Und Hospiz bedeutet eben: die Gespräche gehen über die Kinder, deren schwere Erkrankungen mit der “Begleiterscheinung” Gesundheitswesen und dem Tod. Und Hospiz ist auch: Es wird gestorben. Dieses, wie damit umgegangen wird, erfuhren wir schon in unserem ersten Aufenthalt. Doch war es diesmal ein Stück anders. Man gewann eine Beziehung zu einer Familie, wo das Kind während des Aufenthaltes sich “entschieden” hatte zu gehen.

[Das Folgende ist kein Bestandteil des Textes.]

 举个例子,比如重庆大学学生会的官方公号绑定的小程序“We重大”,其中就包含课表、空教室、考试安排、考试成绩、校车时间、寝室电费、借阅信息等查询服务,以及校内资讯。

Sprich, es war nicht mit dem Beginn des Aufenthaltes abzusehen, sie kamen gleichzeitig mit uns zur Entlastung und dann ging es plötzlich ganz schnell. So viel zur Prognose: “Sie kann jederzeit eines “unvorangekündigten” Todes sterben”, wie es die Krankheit unseres Kindes beschreibt.

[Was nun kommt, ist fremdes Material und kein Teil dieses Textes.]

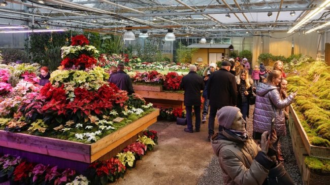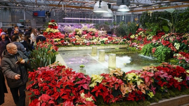 На входе в оранжерею гостей сада встретит уникальное новогоднее дерево — пышная азалиевая «елка», усыпанная цветами. Сотни разноцветных «рождественских звезд» — живых мексиканских пуансеттий, или молочаев красивейших, — наполнили оранжерею атмосферой Нового года.

Dieser Tod warf eben wieder die Frage auf: Wie wünschen wir es uns und haben wir überhaupt einen Einfluss darauf, wann und wie sie stirbt? Gedanken, die, wenn man an Urlaub denkt, nicht mit einem solchen verbindet. Der Seele einfach mal Luft zum atmen zu geben ist dabei mehr eine Utopie und trotzdem war es hilfreich, man “gewann” etwas für sich. Wie? Man sprach mit den Eltern, fühlte, wie sie die Situation neben dem Totenbett lebten, wie sie jetzt die Eindrücke aus der Vergangenheit sahen und was dem Kind besonders gefiel. Doch achtete man dabei immer auf das Ding “Last”. Werden wir für die Trauernden zu Last oder denken diese, dass Sie uns mit der Situation zu belasten. Vom Verstand her habe ich darauf keine Antwort gefunden, aber ich fühlte ein OK neben einem Schatten. Ein OK, da sie es offen ansprachen, dass wir sie besuchen können am Bett ihres gestorbenen Kindes. Ein OK, da sie der Tod, trotz seines schnellen, nicht angekündigten Eintreten, nicht ohne Vorahnung traf. Es hätte schon früher passieren können.
Ein Schatten? Auch wenn die Eltern sich stabil zeigten, lässt einen nicht die Ahnung los: Irgendwann überwältigt einen, auch sie, die Ohnmacht in der Trauer. Einen Schatten, den man bei sich selbst nur erahnen kann, wenn das eigene Kind stirbt. Was ist dann?